Rent control laws are a set of rules that regulate or prohibit the landlord from raising the rent. It is not a universally supported concept. Generally, the Rent Stabilization Ordinance (RSO) is applied to rental properties that were first built on or before October 1, 1978, as well as replacement units, under LAMC Section 151.28. and is either an apartment, condominium, townhome, duplex, two or more single-family dwelling units on the same parcel, rooms in a hotel, motel, rooming house, or boarding house that is occupied by the same tenant for 30 or more days consecutively, or a residential unit(s) attached to a commercial building.
Rent control and landlords
This rent regulation stipulates grounds for eviction, required repairs, and rent increases. The RSO covers allowable rent increases, registration of rental units, legal reasons for eviction, and types of evictions requiring payment of tenant relocation assistance. The landlords’ rights under Rent Stabilization Ordinance (RSO)
Checklist for no-fault evictions:
- File a Landlord Declaration of Intent to Evict filed with HCIDLA
- Give the tenant a 30-day and 60-day written notice (some require 120-day and/ or up-to-year extension)
- Payment of tenant relocation assistance
Keep your property well-maintained
The city’s regulations protect the health, safety, and welfare of residents and you can check here to ensure your property is meeting city standards.
Services for landlords offered, including but not limited to: workshops on Rent Stabilization Ordinance, online bill payment, and registering a foreclosed property online.
What if my property is not rent-stabilized?
Even though your property is not covered under the Rent Stabilization Ordinance, you and your tenants still have rights and responsibilities under California law.
Rent control pushes to spread across California
Rent control is becoming more popular and lawmakers and tenant advocates are pushing to repeal laws banning cities to impose rent control or limits to regulate rent increase, the Wall Street Journal reported.
As advocates in California “have gathered 100,000 of roughly the 365,000 signatures required to put a measure on the ballot in November in order to repeal a 20-year-old law that has statewide limits on rent control”, and with the law repealed, the cities would then be able to put rent control on apartments built after 1995 and on single-family rentals.
“We cannot build our way out of a crisis this proportion,”
says Elena Popp, the founder of the Los Angeles-based Eviction Defense Network. EDN explains rent control is the best way to protect affordability.

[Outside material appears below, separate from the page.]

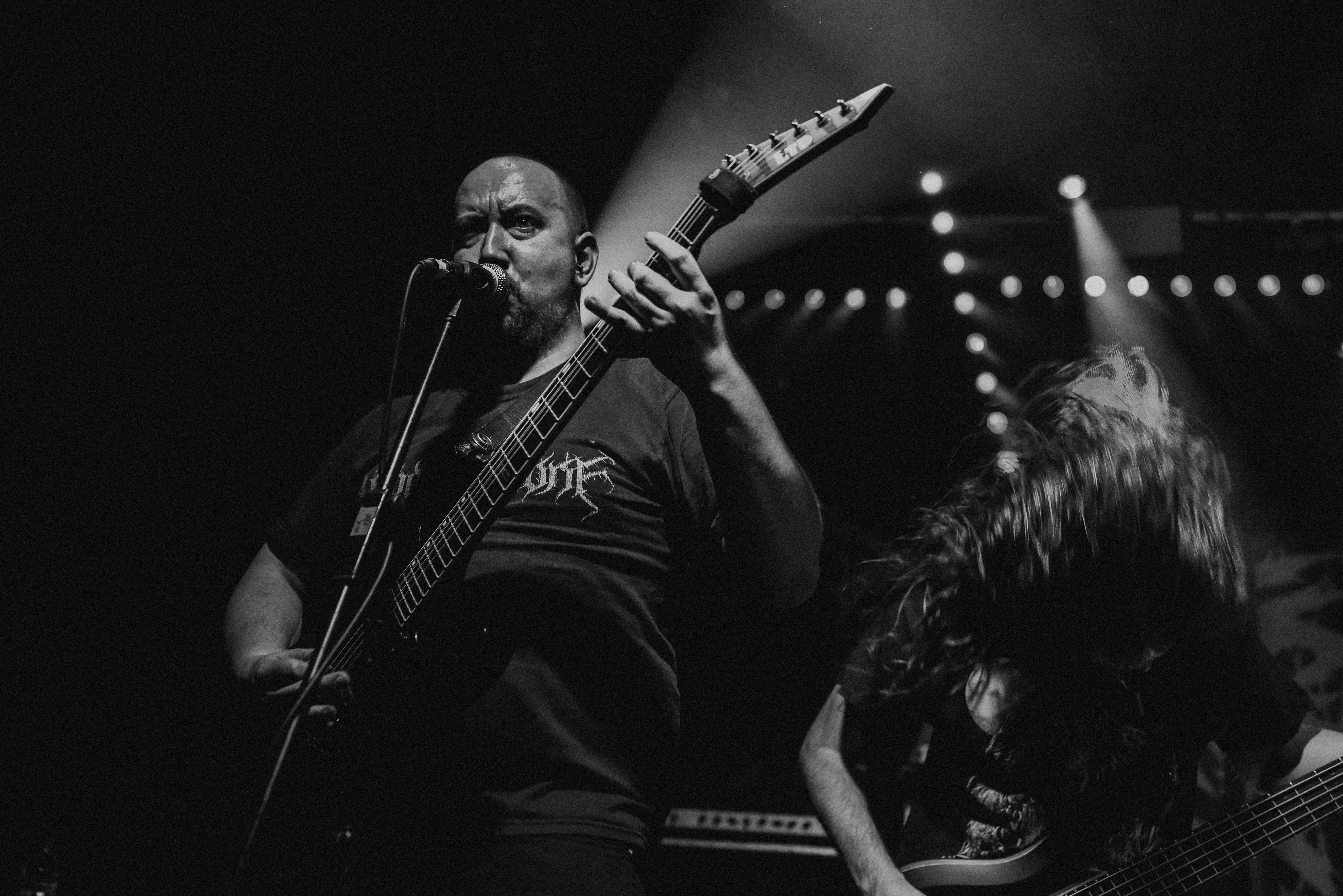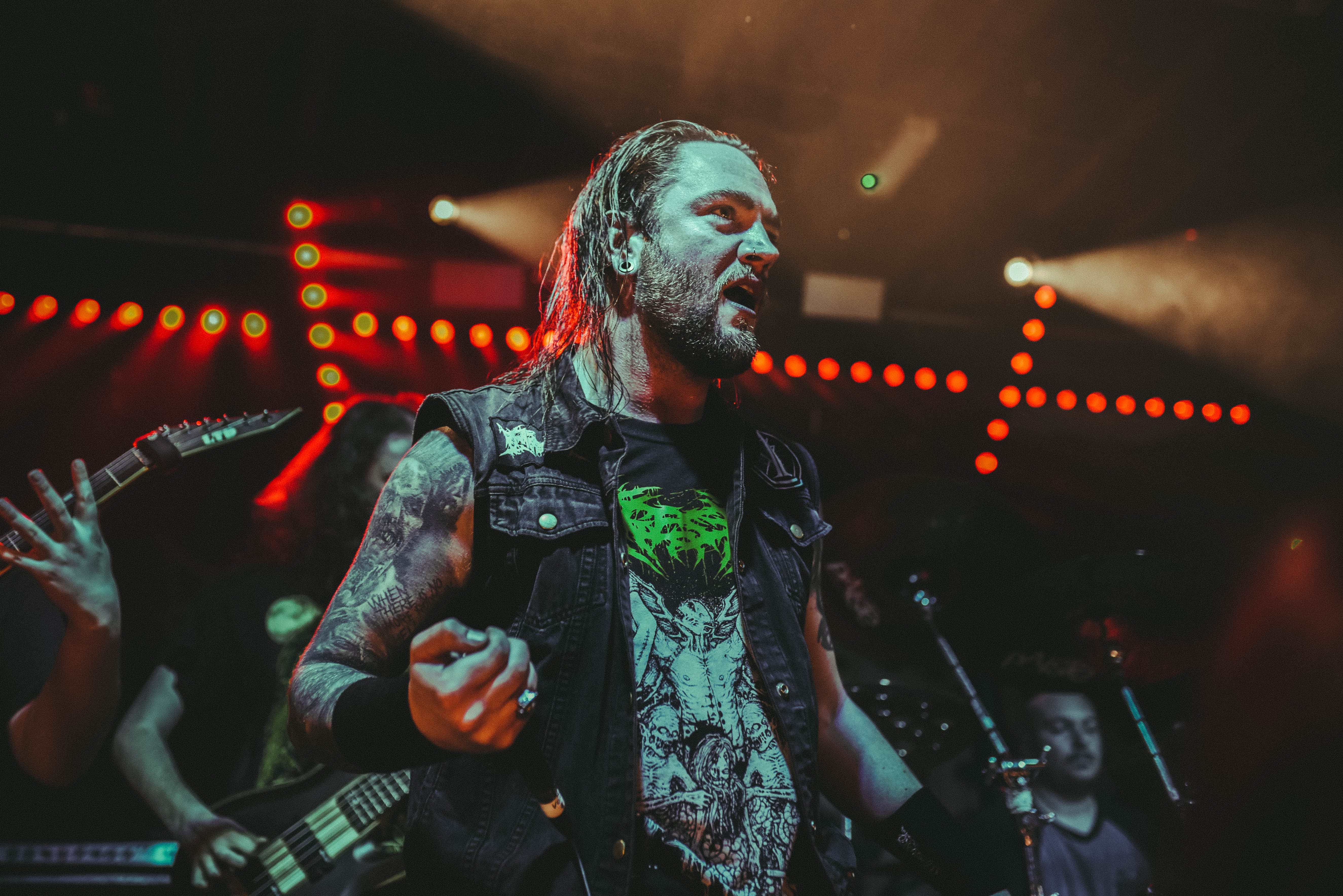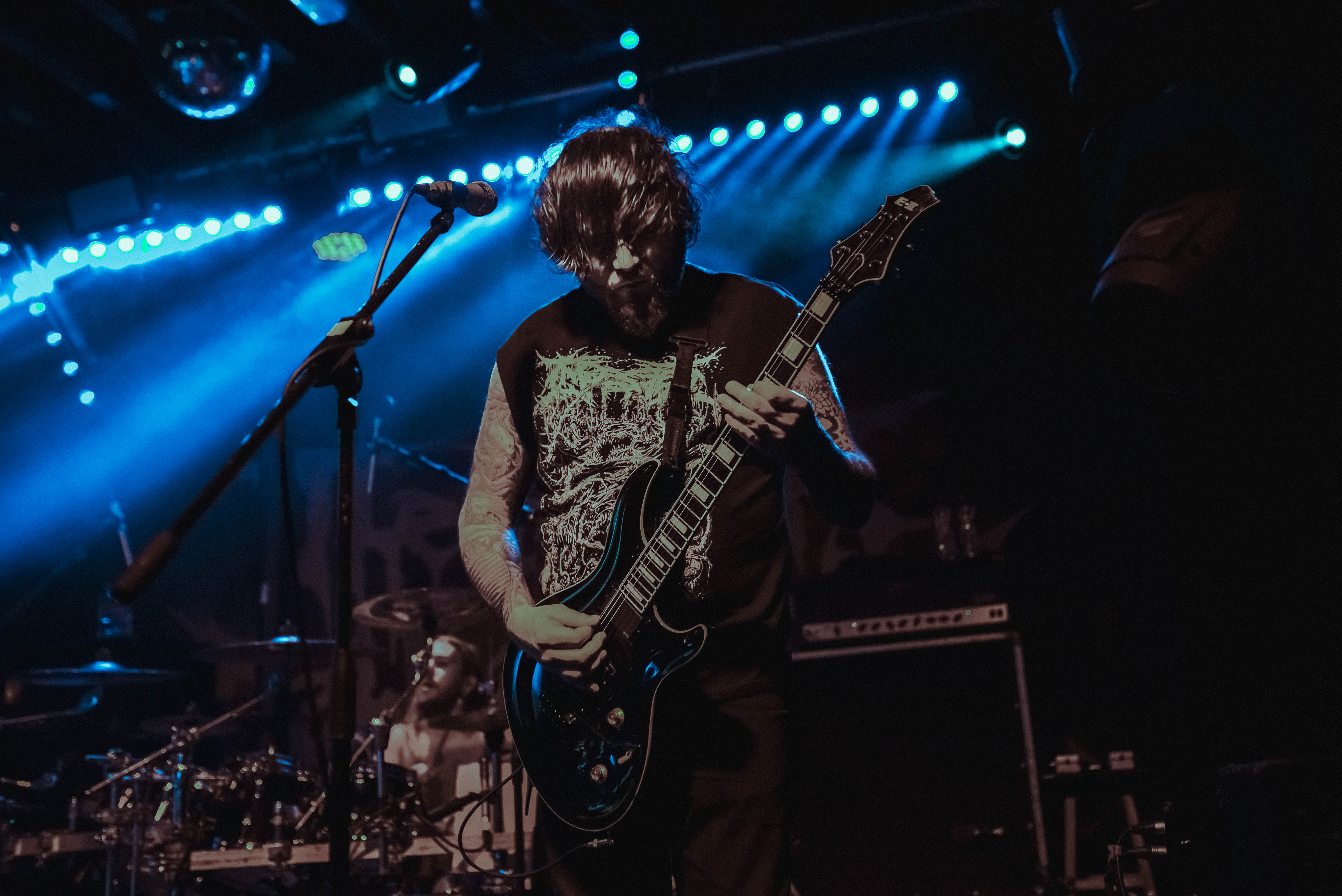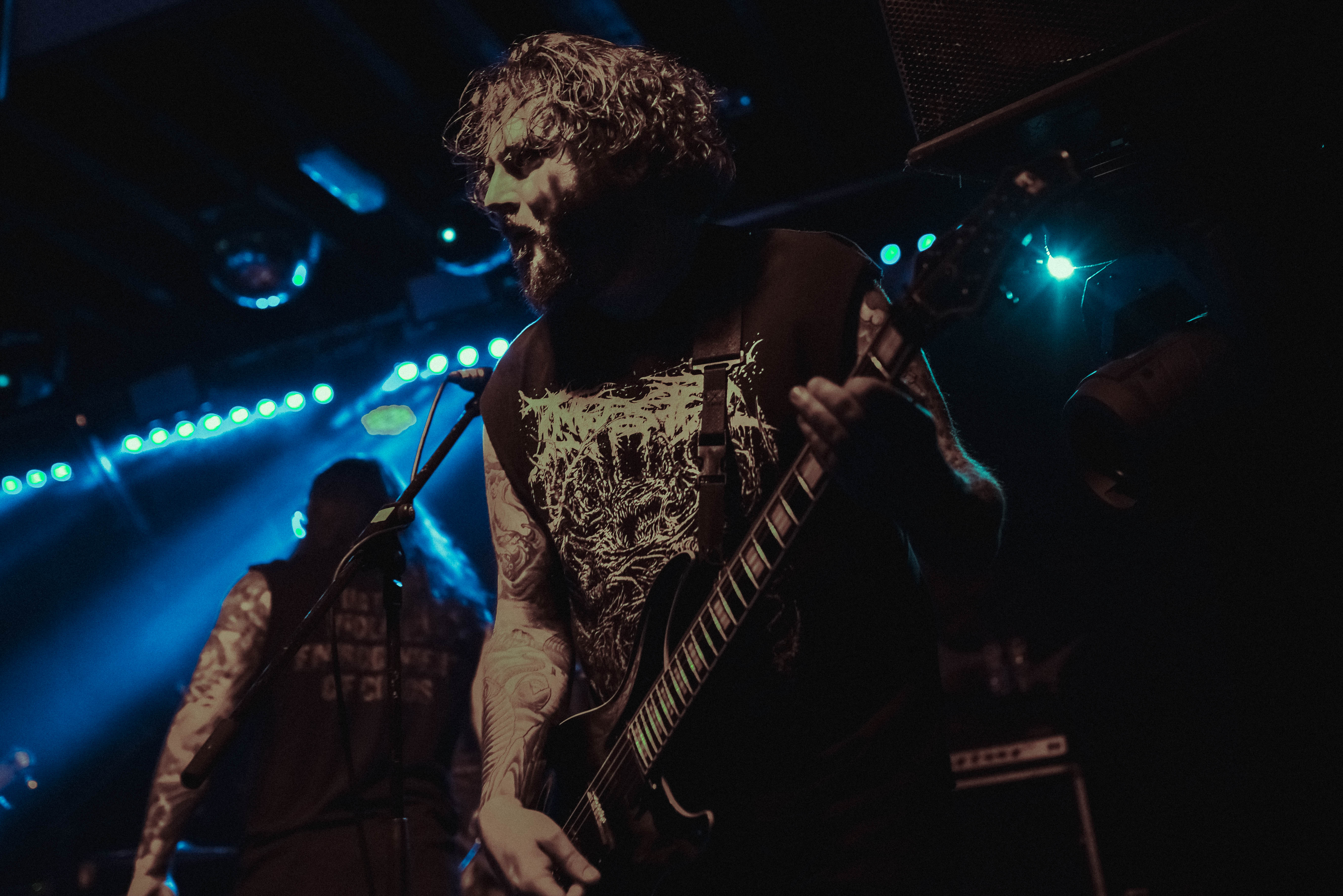 Bristol’s resident brutal death metal group, EMBODIMENT, have been building their stock within the scene over the years, and this tour sees them most at home on a line up. They are inarguably tight, as their drummer keeps everyone in line as they progress through their technical passages of death metal wizardry. As tight as they are though, EMBODIMENT suffer through a weak sound that drowns out the vocals in replacement for overwhelming drums and guitars coming through the front of house. Thankfully, the unit are clearly on form tonight, inspired by the pedigree of the lineup perhaps, but the band still come at the filling room with intent.

Though Tom Bannon, the president of the California Apartment Association takes the opposing view. As he acknowledges it is an unpopular one in the Golden State. Bannon says, “at the very heart of this you have to build and you have to build fast.”
Rent control affects the demand for housing
Making an uncontrolled market, prices will vary with the amount of demand, thus, making the availability of rentals lower. This shortage of housing will affect vacancy rates to lower and prices to keep at their current value. And ultimately, will make it much harder for tenants to find housing.
As rent is low, more renters will attempt to seek their own housing, and those college kids who live with their parents and could afford it would naturally move out to pay for an apartment. And it would create a struggle to find adequate housing.
The long-term effects of an unregulated market
It then becomes very difficult for investors to profit from the residential housing with rent control, and their livelihood to profit from the involved investment will turn to start building commercial structures instead of residential housing. An article from The New York Times illustrates that there was more residential development taking place in NY during the great depression than in 1997- due largely because of rent control.
Rent control furthermore, does not have only an effect on the housing that would be developed. However, the housing that currently exists will have reduced quality and/ or be eliminated entirely. Because the landlord does not profit from the property, they are no longer able or willing to make necessary repairs. Normally landlords would pay to improve a property to either get more profit or to compete for better tenants.
Will landlords and tenants work together in finding a happy medium?
Rent control continuously becomes a controversial issue and creates an imbalance for both landlords and tenants. Clearly, as landlords start to renovate and raise rents, I can see how the middle-low class is furious.
By keeping landlords from spending on unnecessary renovations and landlords working with renters together by maintaining the rental. Renters treating the property as their own can be a wise solution for both parties to work together.